Guys, I know this question got similarities with older posts here, but I'm stuck on getting a solution.
I've got this situation: I've downloaded from ncbi assembly a bacterial genus specific database made with the nucleotide sequences of genes, using the "CDS from genomic" option.
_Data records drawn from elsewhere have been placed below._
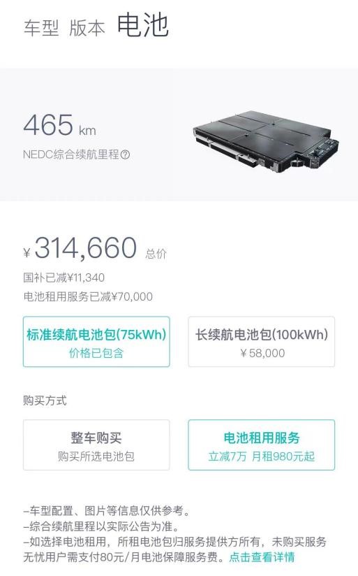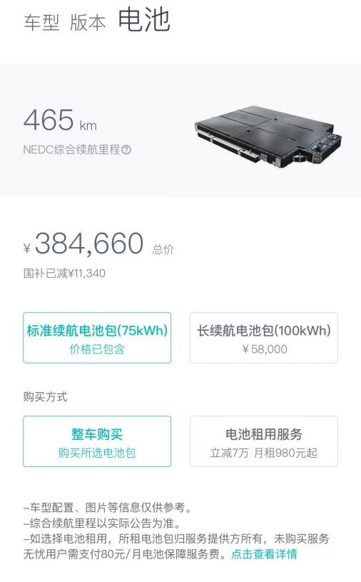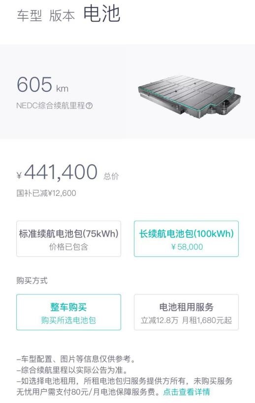 目前,蔚来提供租赁的电池有两款,75度的三元铁锂电池和100度三元锂电池,价格分别为70,000,和12,8000 。我们拿 蔚来EC6 ( 参数 | 询价 ) 的运动版举例。在不选装任何配置的情况下,整车购买的价格分别是396000,454000。(不算补贴)
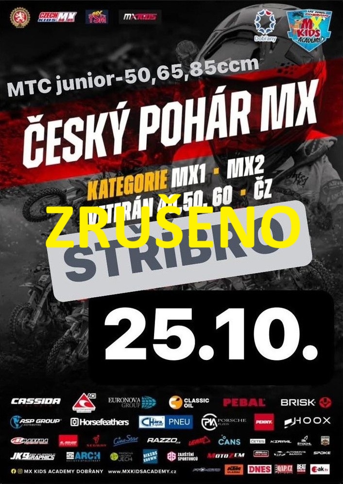 Bohužel musíme oznámit ZRUŠENÍ MOTOKROSU 25.10.2025 kvůli nesjízdné trati. Po deštích je dráha příliš mokrá a bahnitá. Omlouváme se za případné komplikace a děkujeme za pochopení. Zároveň se vedení klubu rozhodlo s okamžitou platností vyhlásit ve Stříbře ZIMNÍ PŘESTÁVKU. Z důvodu ochrany dráhy bude až do jara 2026 training zakázán. I v tomto případě děkujeme za pochopení.
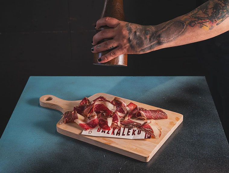 Su especialidad son las tapas y raciones de sabores tradicionales como los callos de ternasco, las cocochas de bacalao al pil-pil, las madejas de cordero, los calamares fritos o la deliciosa tortilla de patata sobre salsa de pimentón y cominos.
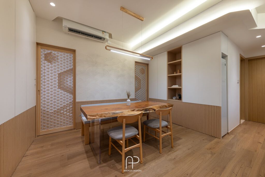 飯廳區域則以日系木製飯台、木吊燈為全屋焦點;而後方的珪藻泥牆身則結合半流水紋路及扇形造型,營造出猶如置身雲層效果,與玄關牆面相互呼應。
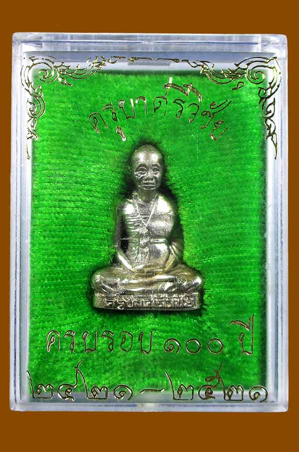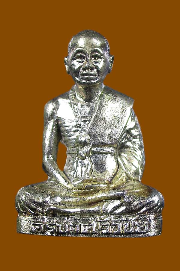 รูปหล่อ ครูบาเจ้าศรีวิชัย 100 ปี ออกวัดพันอ้น ปี2521 เนื้อนวะกะไหล่เงิน สภาพสวย พร้อมกล่องเดิม
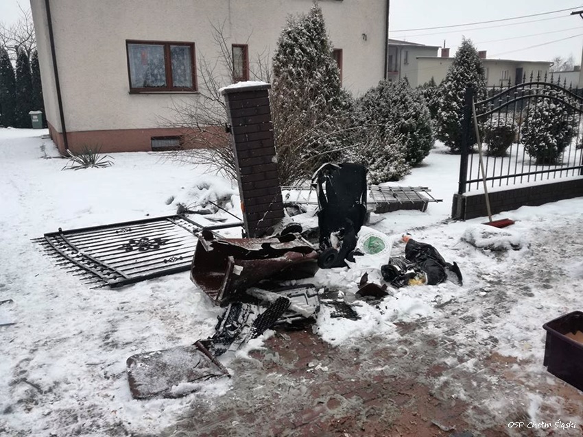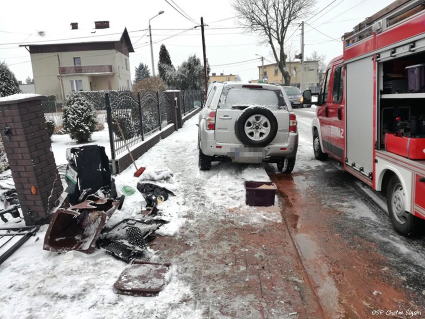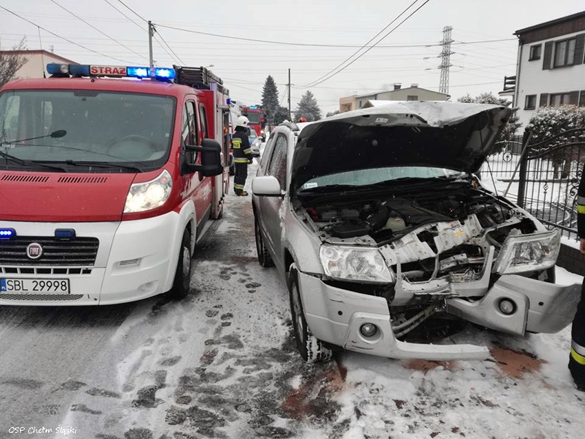26 stycznia kilkanaście minut po godzinie 12 dyżurni SKKM PSP Tychy i KPP Bieruń otrzymali zgłoszenie o zdarzeniu drogowym w Chełmie Śląskim na ulicy Odrodzenia. Ze zgłoszenia wynikało, że kierująca samochodem marki Suzuki uderzyła w ogrodzenie jednej z posesji. Na miejsce natychmiast zadysponowane zostały zastępy OSP Chełm Śląski (GLBARt), JRG Tychy (GBA, SCRt), ZRM i patrol bieruńskiej Policji. Po przybyciu na miejsce zgłoszenie potwierdziło się. Kierująca samochodem (19 – latka) została przewieziona do szpitala na dokładne badania. Strażacy zabezpieczyli miejsce zdarzenia, udzielili poszkodowanej kwalifikowanej pierwszej pomocy, a po zakończeniu czynności przez Policję zneutralizowali plamy płynów eksploatacyjnych. Ze wstępnych ustaleń pracujących na miejscu Policjantów wynika, że kierująca najprawdopodobniej nie dostosował prędkości do warunków panujących na drodze i wpadła w poślizg, a następnie wjechała w ogrodzeni posesji. Utrudnienia w ruchu trwały ponad godzinę. Bieruńscy Policjanci prowadzą dalsze postępowanie w sprawie tego zdarzenia.
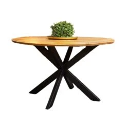Bij deze Brixon eettafel valt het bijzondere onderstel op. Het geeft een stevige look aan de tafel. Het naturel mangohouten tafelblad vormt hiermee een bijzonder contrast. Ze straalt elegantie uit en is toch zeer robuust. De ronde vormen passen bij een vintage woning, het stoere onderstel is uitstekend voor je industriële of je landelijke woonkamer. We bieden deze tafel ook aan in vierkante en ovale varianten.
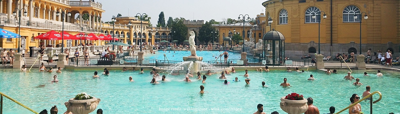 Széchenyi Este inmenso complejo de baños medicinales de estilo neobarroco, el más grande de su tipo en Europa, se abastece de dos fuentes termales.
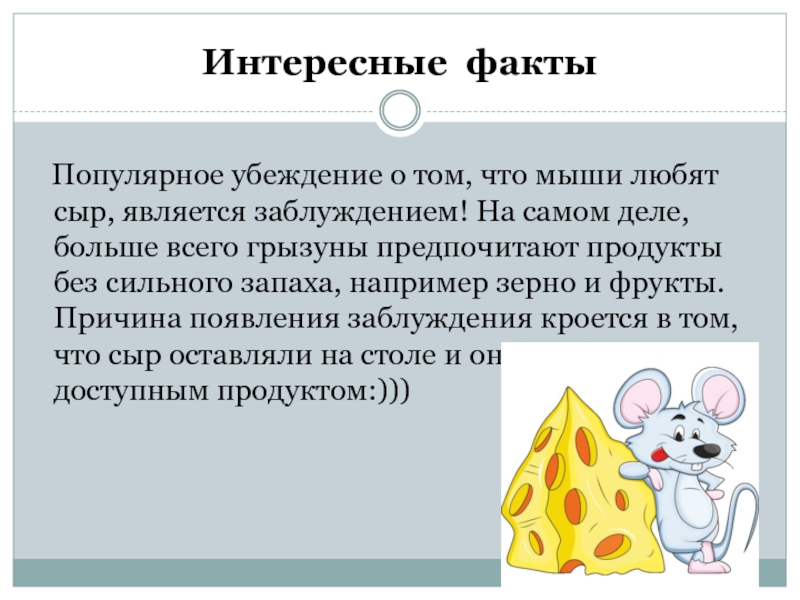 является заблуждением! На самом деле, больше всего грызуны предпочитают продукты без сильного запаха, например зерно и фрукты. Причина появления заблуждения кроется в том, что сыр оставляли на столе и он был более доступным продуктом:)))
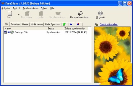 Einfach zu bedienendes Sync Programm um mehrere PCs abzugleichen. Das Programm erkennt automatisch gemachte Änderungen und synchronisiert die erforderlichen Dateien auf den Desktop / Laptop, damit Sie immer die aktuellen Dateien dabei haben. Des weiteren kann das Programm auch Backups anlegen und USB-Laufwerk als Brücke zwischen nicht-vernetzten PCs benutzen.
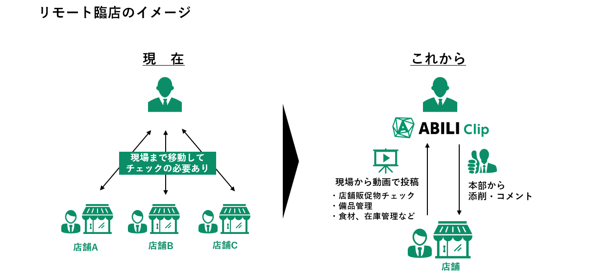 解決策の一つとして、業務のDX化推進による生産性向上が必須と考えていた中でABILI Clipの存在を知り導入を検討しておりました。店舗SVは、ABILI Clipの動画や画像などの双方向コミュケーション機能を活用し、管理レベル強化に加え、リモート化によりこれまで掛かっていた実移動時間を店舗管理業務に充て効率化と生産性向上を目指します。
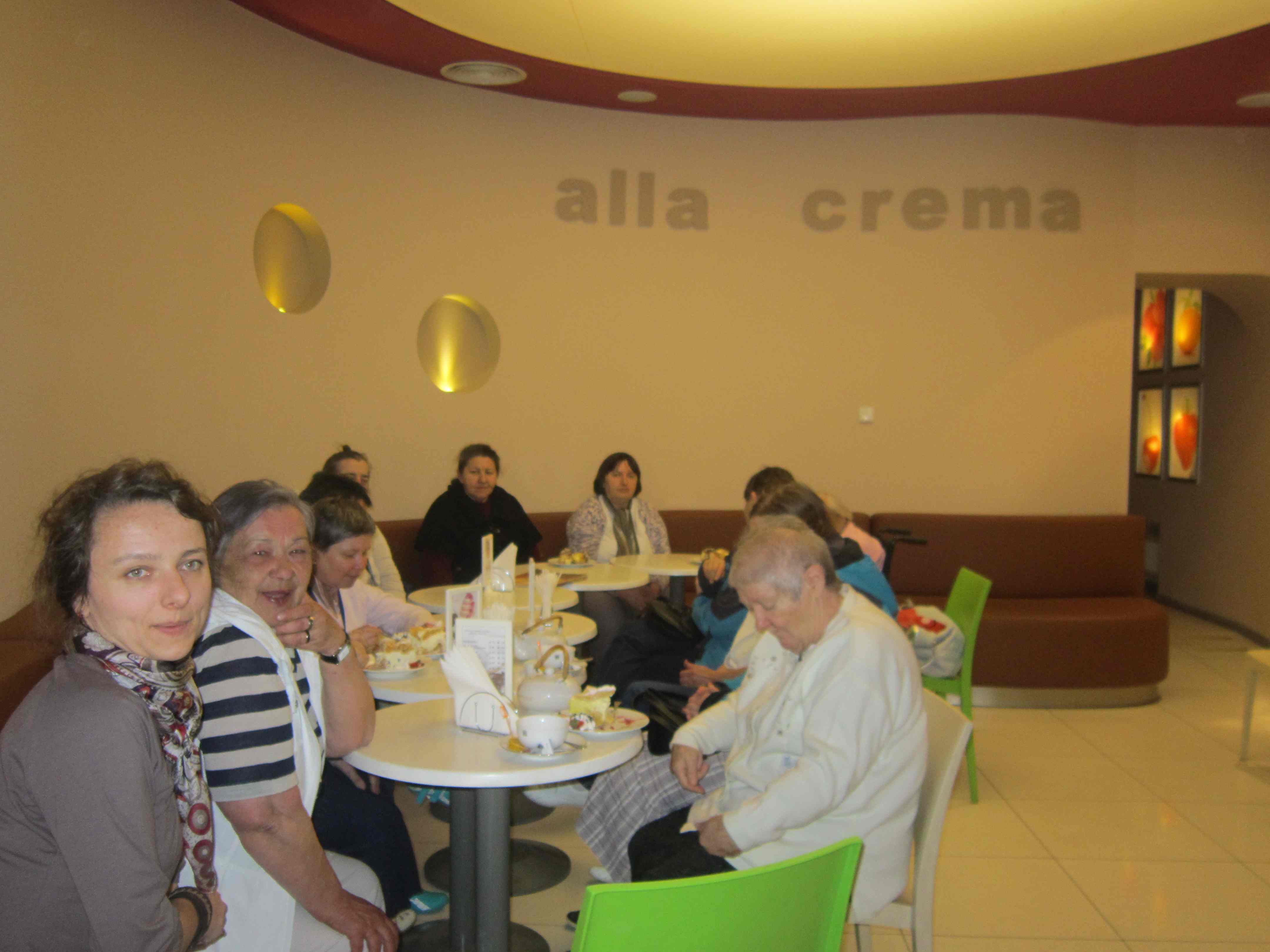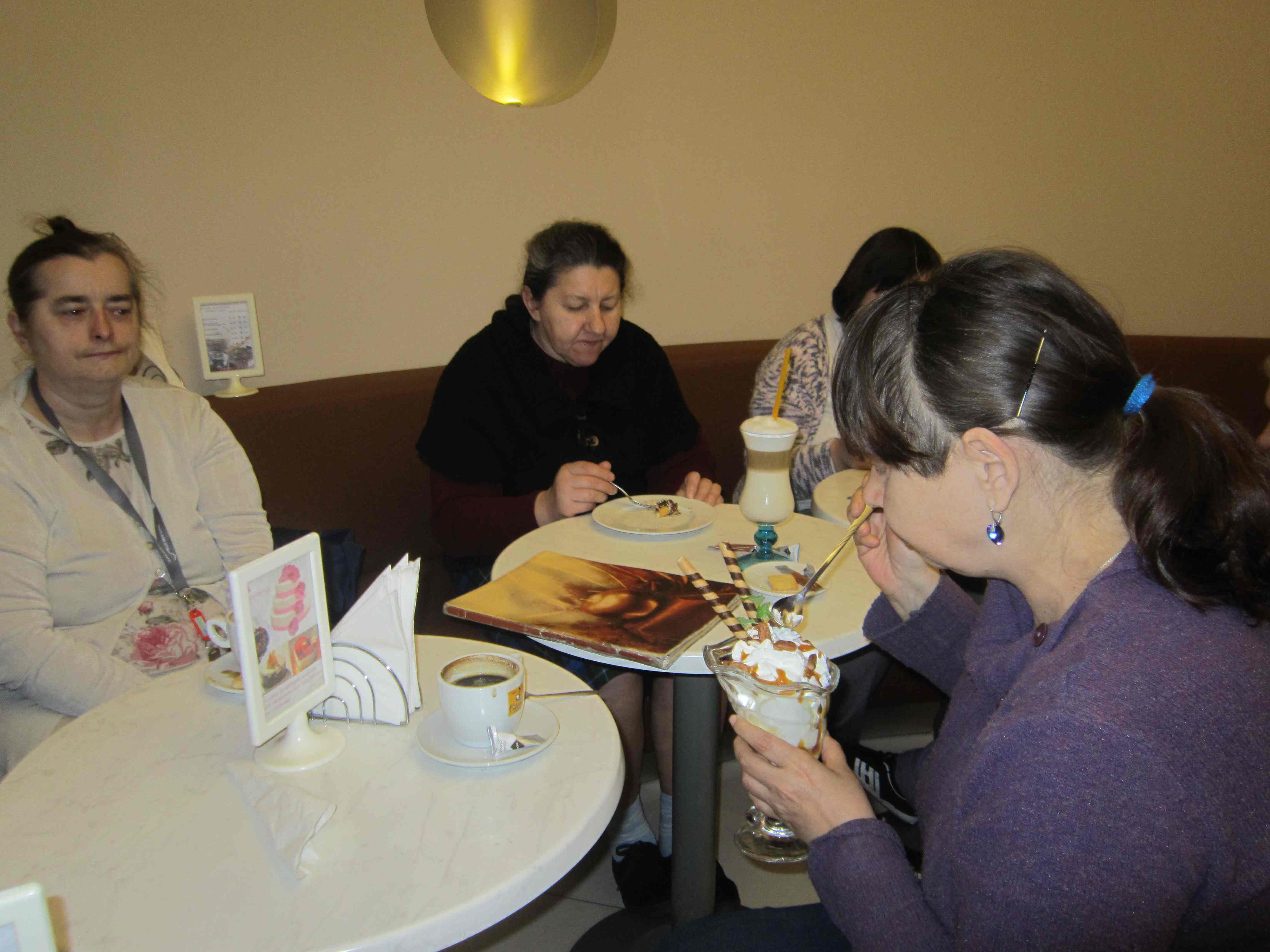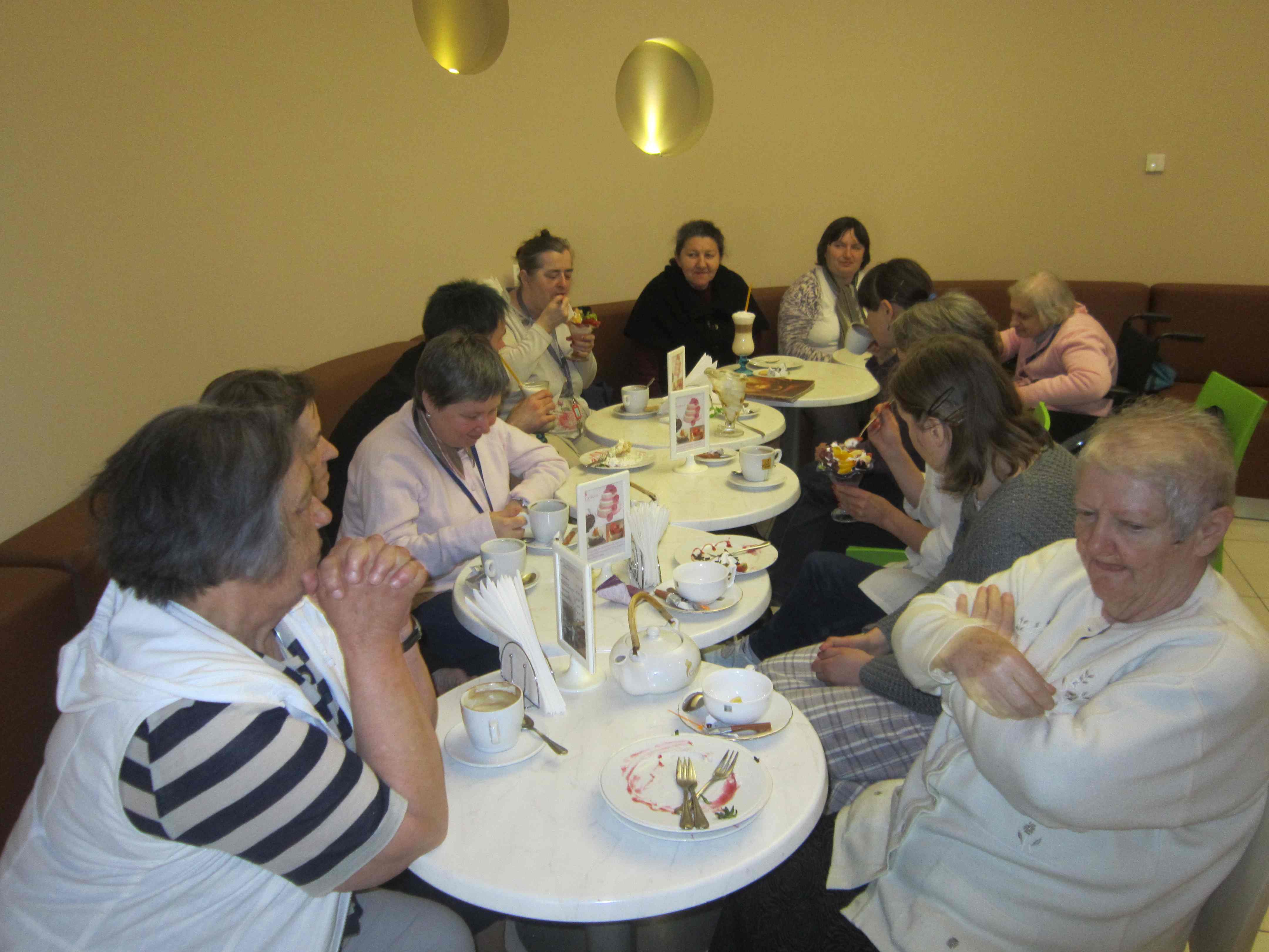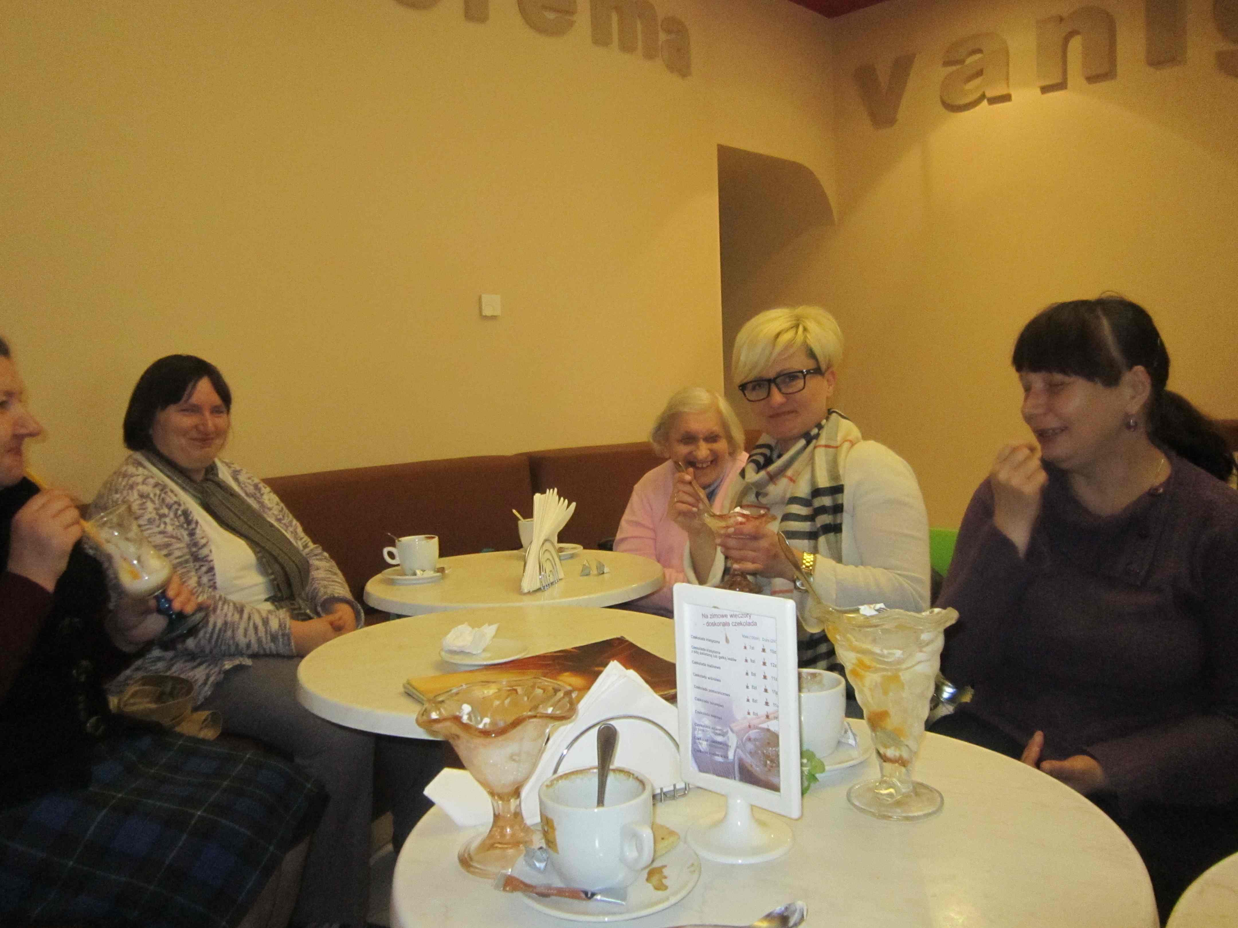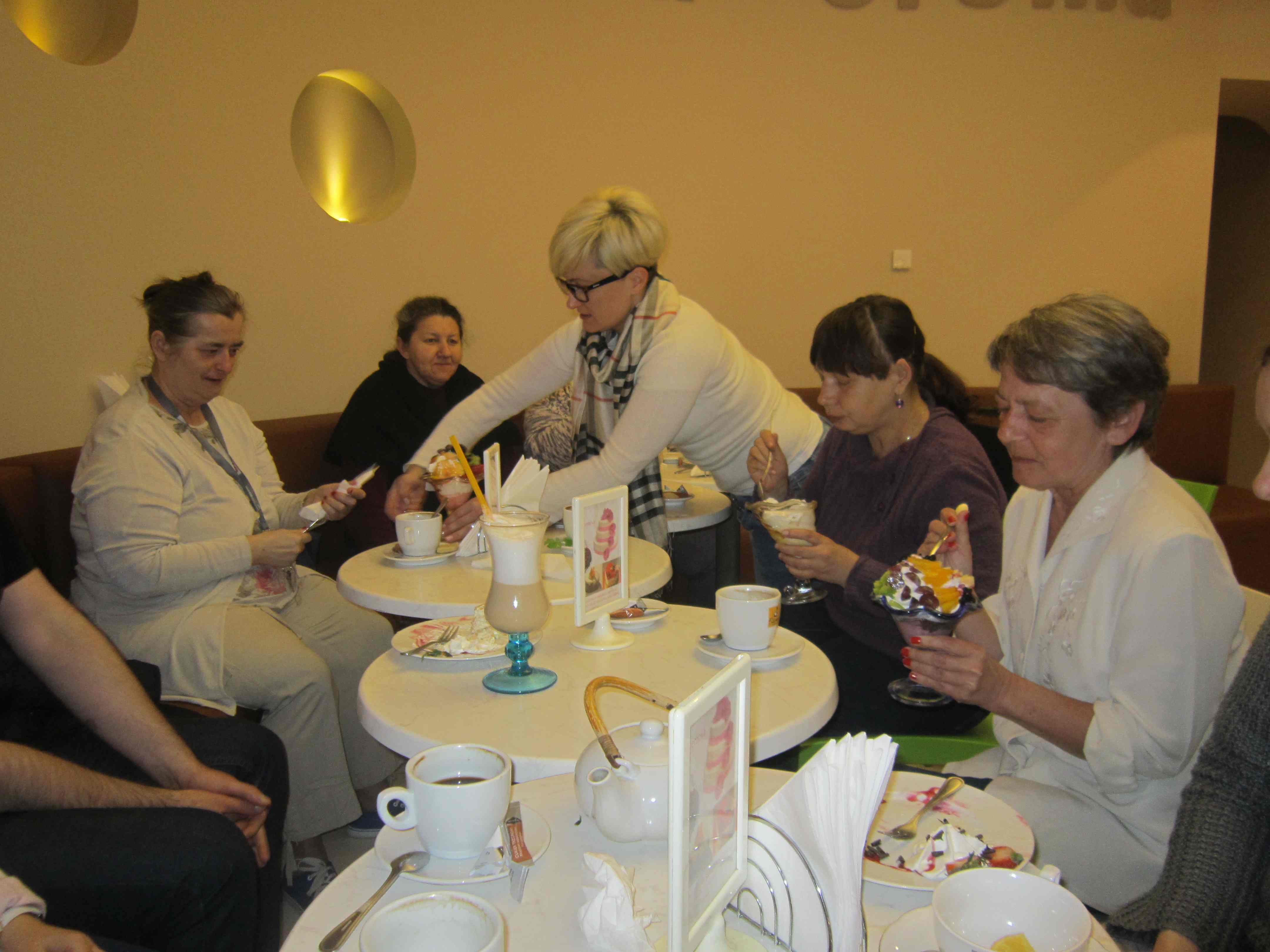 W dn. 04.05.2015 kilkunastoosobowa grupa mieszkanek wybrała się na lody i ciastka do kawiarni – w ten symboliczny sposób nagrodziliśmy aktywność naszych mieszkanek w zajęciach prowadzonych w ramach terapii zajęciowej – zwłaszcza plastycznych i teatralnych.

While getting the final .fa file, I've seen there's no taxonomy info into the fasta header of each sequence. What I want to do is to include the taxonomy into the header, just the rank under the genus (so, species and type-strain) using the protein ID of each sequence, in order to have taxonomy info while using "stitle" output option in blastn against this database.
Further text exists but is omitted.